Given material

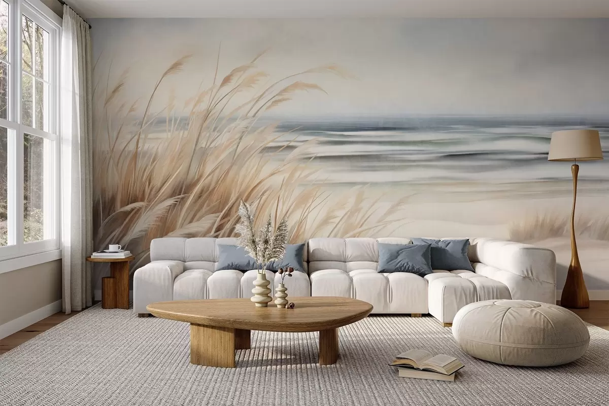 Valokuvatapetti Teksturoitu maisema, jossa on kuivaa ruohoa hiekkarannalla, taustalla meri ja taivas Nr w09739
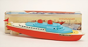 MS Kreuzfahrtschiff, Blech u. Kunststoffteile, 43 cm, Uhrwerk intakt, guter Zust., im Orig.-Kart.
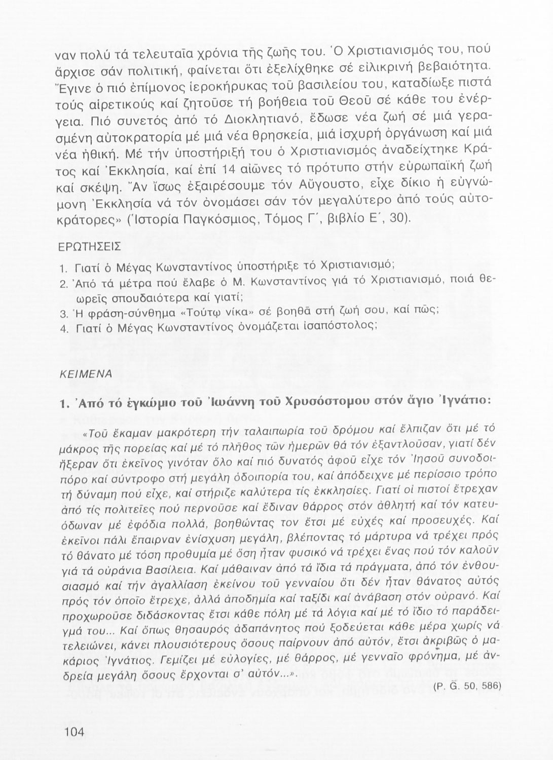 Σχολικό εγχειρίδιο Θρησκευτικών για την Β΄ Γυμνασίου. Περιέχει την ιστορία της Εκκλησίας από την ίδρυσή της μέχρι την δημιουργία της Εκκλησίας της Ελλάδας.
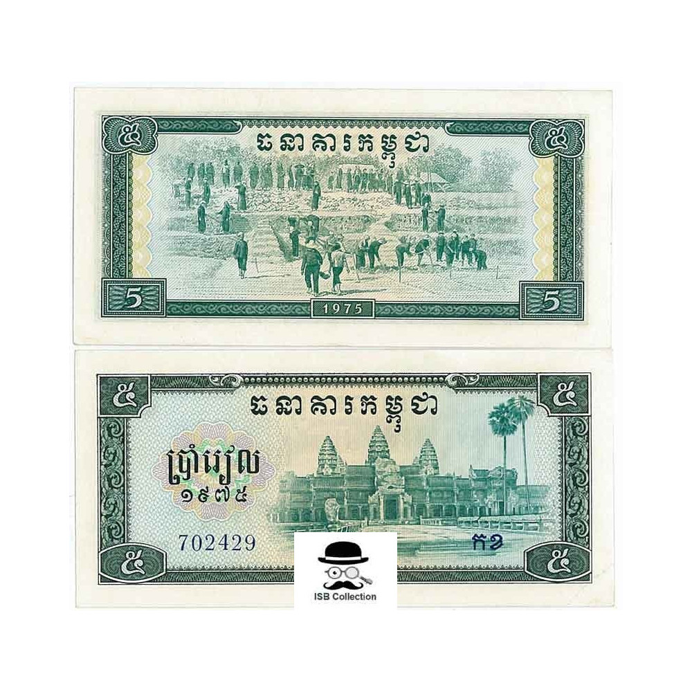 Billet de banque de cambodge etat valeur faciale 5 riels pick 21 -

What is needed
Retype all the data exactly, please, without pictures.

Solution to this exercise
 Valokuvatapetti Teksturoitu maisema, jossa on kuivaa ruohoa hiekkarannalla, taustalla meri ja taivas Nr w09739
 MS Kreuzfahrtschiff, Blech u. Kunststoffteile, 43 cm, Uhrwerk intakt, guter Zust., im Orig.-Kart.
 Σχολικό εγχειρίδιο Θρησκευτικών για την Β΄ Γυμνασίου. Περιέχει την ιστορία της Εκκλησίας από την ίδρυσή της μέχρι την δημιουργία της Εκκλησίας της Ελλάδας.
 Billet de banque de cambodge etat valeur faciale 5 riels pick 21 -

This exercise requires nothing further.